Diffie Hellman implementation in JavaScript

A bit about the Diffie–Hellman key exchange protocol

Suppose you're a person that wants to send a message to your friend, or a secure bank server that wants to send a message to your client. However, you're stuck with a government monitored, unsecure internet connection. How would you make sure that your message goes across without the Rothschild family reading your bank statement? Well, the answer is pretty easy: encryption. So suppose we use the standard AES, Rijndael cipher, this is all good and all, but since this is symmetric encryption you and your partner need to share a common key. Well, that poses another problem, how do you get a key across to your friend without being sniffed? You could use RSA, but no one wants to waste their time with RSA libraries, extra prime number generation, and blah blah blah. Instead we use the Diffie–Hellman key exchange protocol.

Now Diffie–Hellman is not a protocol that enables you to transfer a key across securely, rather, it allows you and the person you're trying to communicate with to generate a unique key that only you and they will know. This is as good if not better, than generating a key and transferring it via asymmetric encryption.

So, is Diffie–Hellman very math heavy? Nope! Diffie–Hellman is probably easier to understand than RSA. The only thing you need to know is how to calculate modulus' and exponents.

4 steps of Diffie–Hellman

Step 1: Choosing some common parameters

Well, to begin, you and your partner need to agree upon a common base and modulus, let's call them g and p, respectively. It's very important that p is prime and that g is less than p. You can send these numbers to each other over an unsecure channel as they are public knowledge.

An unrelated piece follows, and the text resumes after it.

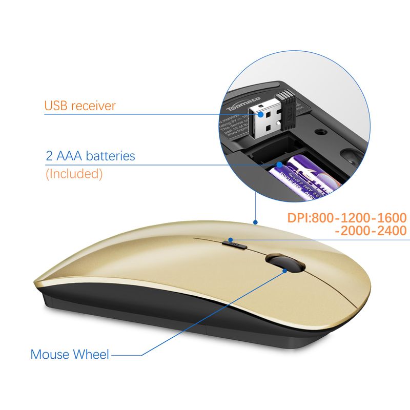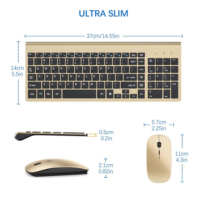 Topmate, mouse USB inalámbrico ultradelgado portátil y teclado inalámbrico (Negro/ blanco), Blanco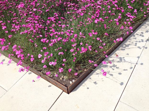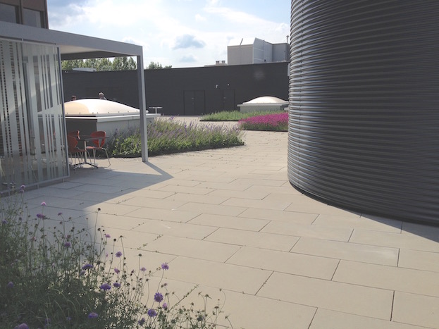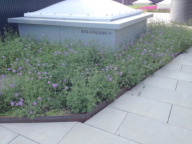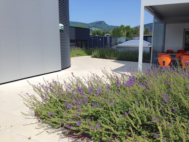 Das 6600m2 grosse Dach des Einkaufzentrums Telli musste totalsaniert werden (inkl. Aufbauten). Ein polygonales Platz-Weg-System durchzieht die ganze Dachfläche. Anstelle einer fast 50cm dicken Überdeckung mit Humus war Gewicht sparen angesagt. Die Substrathöhen sind neu noch zw. 10-20cm hoch und in unterschiedlichsten Kornfraktionen sandigkiesiglehmig gehalten. Die entsprechenden Vegetationsbilder der benachbarten Aarelandschaft und der Juramagerwiesen wurden von Stephan Brenneisen vorgegeben. Bei der Cafeteria des Kantons erscheinen in Pflanzinseln monokulture Auszüge der grossen Blumenwiesen (

Although it's easy to implement on your own I made it a bit easier to do this using the diffiejs library

//Share this string with your friend
var commonNums = diffie.gen();
// Some code where you send the above string to your friend
// Some function where you recieve a similar string from your friend

// This callback is called when you get your friend's data
function onFriendString(data){
  diffie.update(data);
}

All the above code does, is generate a key file and then once the partner's keyfile is recieved, it sees which is bigger and adjusts accordingly

Step 2: Keeping your secret

Now you and your friend have to generate secret keys. Note: THIS IS YOUR PRIVATE KEY, YOU NEVER EVER SHARE THIS. Any information of the key should not leave your computer. The diffiejs library does this automatically on construction. Also, for the sake of documentation we'll refer to this as S.

Step 3: Making a public shared key

So, here's where a bit of the math begins. You take your base, g, and raise it to the power of secret number, s. Then, you take the modulus of this and modulus number we talked about earlier, g. This is an operation known as modular exponentiation. Since these numbers are so large diffiejs uses the bigjs Big Integer library to do this operation. In common math notation it can be written in JS as the following:

  var yourPublicKey = Math.pow(g,s) % p;

You can now send this to your friend, over the unsecure channel as this is public knowledge as well. Your friend will send this to you as well.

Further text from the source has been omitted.